Cubanet, René Gómez Manzano, Havana, 5 Abril 2017 — In recent days, the absence of a true rule of law has become evident in the two countries of “Socialism of the 21st Century,” an absence that reached the highest levels of arbitrariness and injustice: Cuba and Venezuela. In the second of these the iniquity took place at the highest level, the Constitutional Chamber of the Supreme Court.
The brand new Chavista magistrates ruled: “As long as the contempt and invalidity of the proceedings of the National Assembly persist, this Chamber will ensure that the parliamentary powers are exercised directly by this Chamber or by the body that it designates.” In short, the court replaced the parliament with itself.
And in passing, the High Court also withdrew immunity from the country’s parliamentary deputies. It was a coup d’etat pure and simple; only not one undertaken by the military or the congressional branch, but by the judicial. Of course, it didn’t happen on the judges’ own initiatve, but because Maduro ordered it, because it is already known that the supposed independence of that power is now a fiction in the homeland of the “Liberator,” Simon Bolivar.
The voices of protest did not hold back: in Venezuela, National Assembly President Julio Borges called the shameful ruling “trash” and ripped it up in front of the television cameras. The protests of students and others who disagree began. At the international level, the Permanent Council of the Organization of American States was convened, and Peru withdrew its ambassador from Caracas. Even complacent the mediators Torrijos, Fernandez and Rodríguez Zapatero rejected the gross maneuver.
But not only democracy supporters weighed in. A character as little suspected of being anti-Chavez as the Venezuelan Attorney General Luisa Ortega (yes, the same person labeled the “Eternal Commander” as “the most humanist man that has ever existed on the planet” and totally supported the unjust imprisonment of Leopoldo López) described what happened in his country as a “rupture of the constitutional order.”
Urgently convened, the Venezuelan Defense Council called on the Supreme Court to “review” the statements that left Parliament without functions. The obedient magistrates, in a fulminating manner, applied “what I meant to say was…”

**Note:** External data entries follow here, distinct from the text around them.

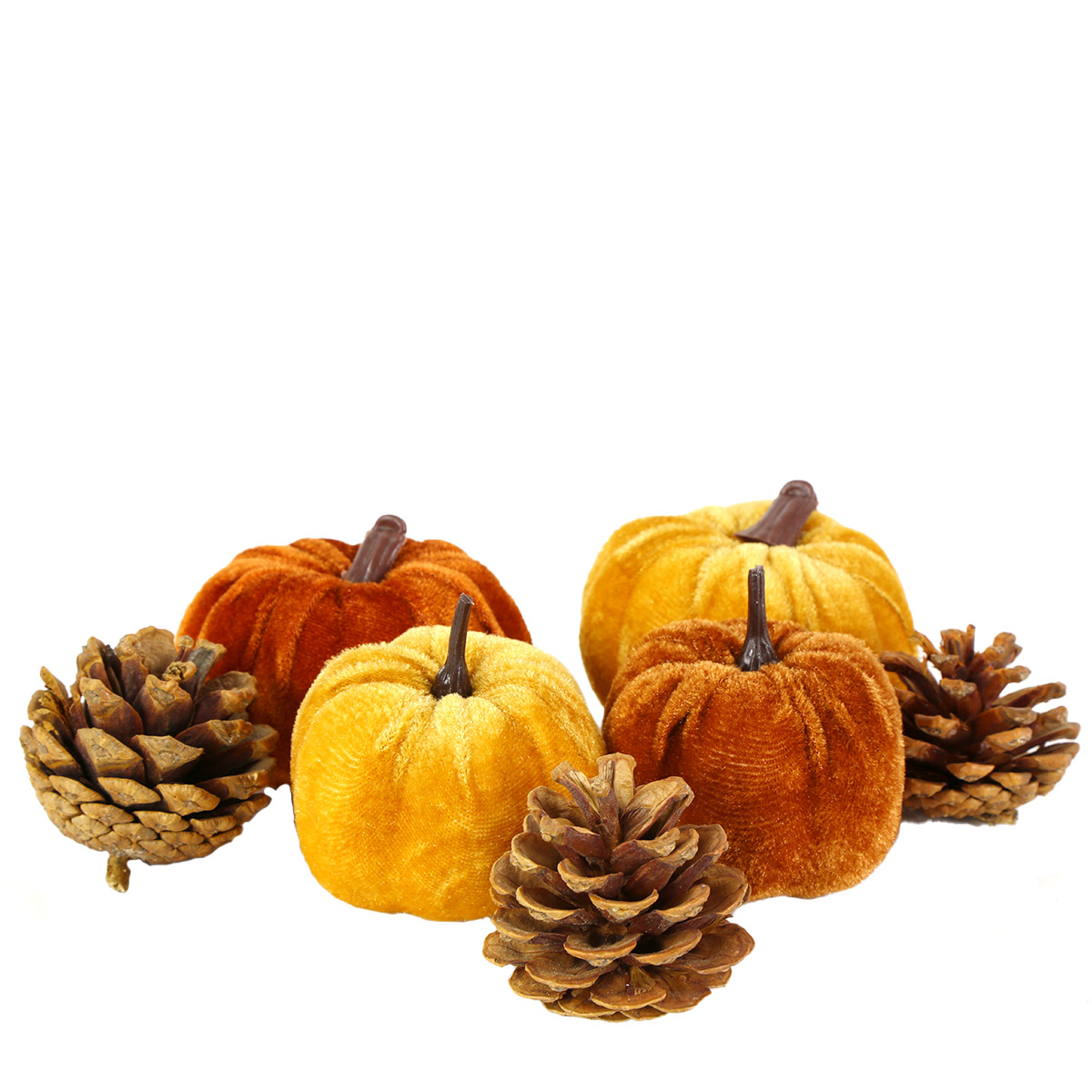 Deko Kürbis, Samtkürbisse und Zapfen, orange/braunorange, 16St/Netz
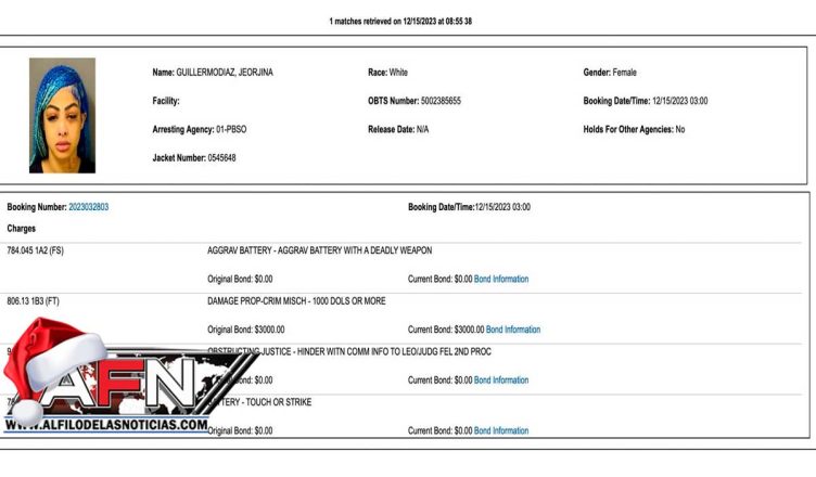 Solo uno de esos cargos tiene una fianza que alcanza los tres mil dólares. En el reporte de la policía la intérprete de »Narcisista» luce una peluca azul y su cara se puede ver hinchada.
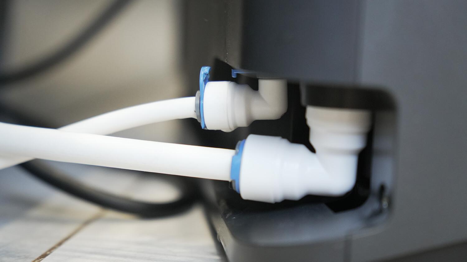Слив организовал через тройник, установленный под мойкой. Купил заглушку на тройник, высверлил в ней подходящее по диаметру отверстие, вставил трубку и залил герметиком. Тут производитель рекомендует подключать трубку к сливу не выше, чем на 50 см от пола.
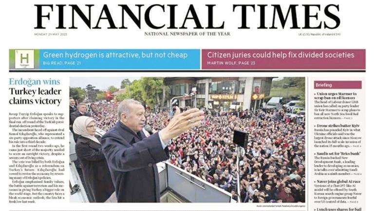 – New York Times: Cumhurbaşkanı Erdoğan, enflasyon, depremler ve zorlu seçim yarışına rağmen yeniden seçildi. Kariyerinin en büyük zorluğunu aşarak bir beş yılı daha garantiledi.
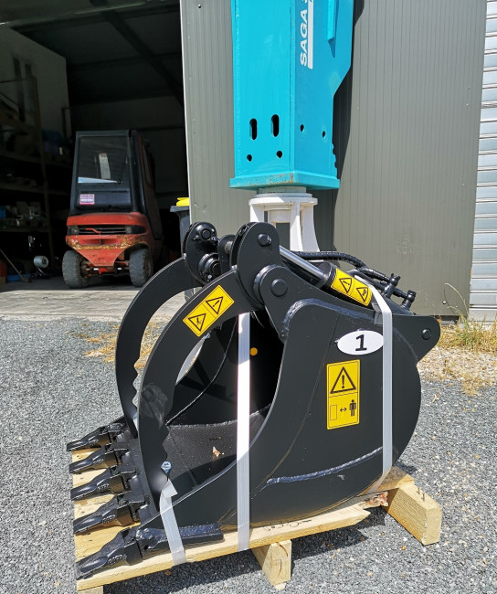 19/10/2022Godet grappin attaché Morin M2 ou godet enrochement M2 pour une pelle 5.2t.

In Cuba, on the other hand, recent illegality had a lower level, in both directions of the word. Lady in White Lismerys Quintana Ávila, also urgently, was subjected to a spurious trial and sentenced to six months in prison — the maximum allowed penalty — by a docile Municipal Court.
As a precedent for this injustice, we must remember the new trick that the political police use against these admirable women: At the outset, they impose a fine for a misdemeanor that does not exist. After the refusal to pay the illegally imposed penalty, the defendant (in this case, Lismerys) is taken to a Municipal Court to be tried.
Now the offense charged is “breach of obligations arising from the commission of misdemeanor,” and is provided for in article 170 of the current Penal Code.Under this provision, “anyone who fails to comply with the obligations arising from a resolution that has exhausted its legal process, issued by a competent authority or official, relating to contraventions” may be punished.
According to the final sentence of that rule, “if before the sentence is pronounced, the accused meets the obligations derived from that resolution, the proceedings will be archived.” The purpose of this, obviously, was not to establish a mechanism to send one more person to prison, but to dissuade her from not paying the imposed pecuniary penalty.
But it is already known that, in Cuba, “whoever made the law, set the trap.” In the case of someone who disagrees and says so, any misrepresentation of the correct sense of the rules is valid for the Castro regime’s authorities. What real chance to pay the fine had Lismerys or her loved ones if she were detained and the latter did not know what her situation was?
We know that the repressor who “cared for her” (who calls himself “Luisito”, but whose real name is known (unusual in itself) — Ariel Arnau Grillette) was truthful in the text messages with which he harassed this Cuban mother. We know what they said thanks to the inventiveness of the brave fighter Angel Moya Acosta: “the desicion to send you to prision is in my hands,” he wrote. A phrase in which we do not know what to admire more: his creative spelling or the confidence with which he says what everyone knows, but usually shuts up about …
However, what is decisive in this case is not what the murky State Security intended, but the submission of a court to the design of that repressive body. This is how the “organs of justice” of Cuba and Venezuela, once again, have become brothers in ignominy.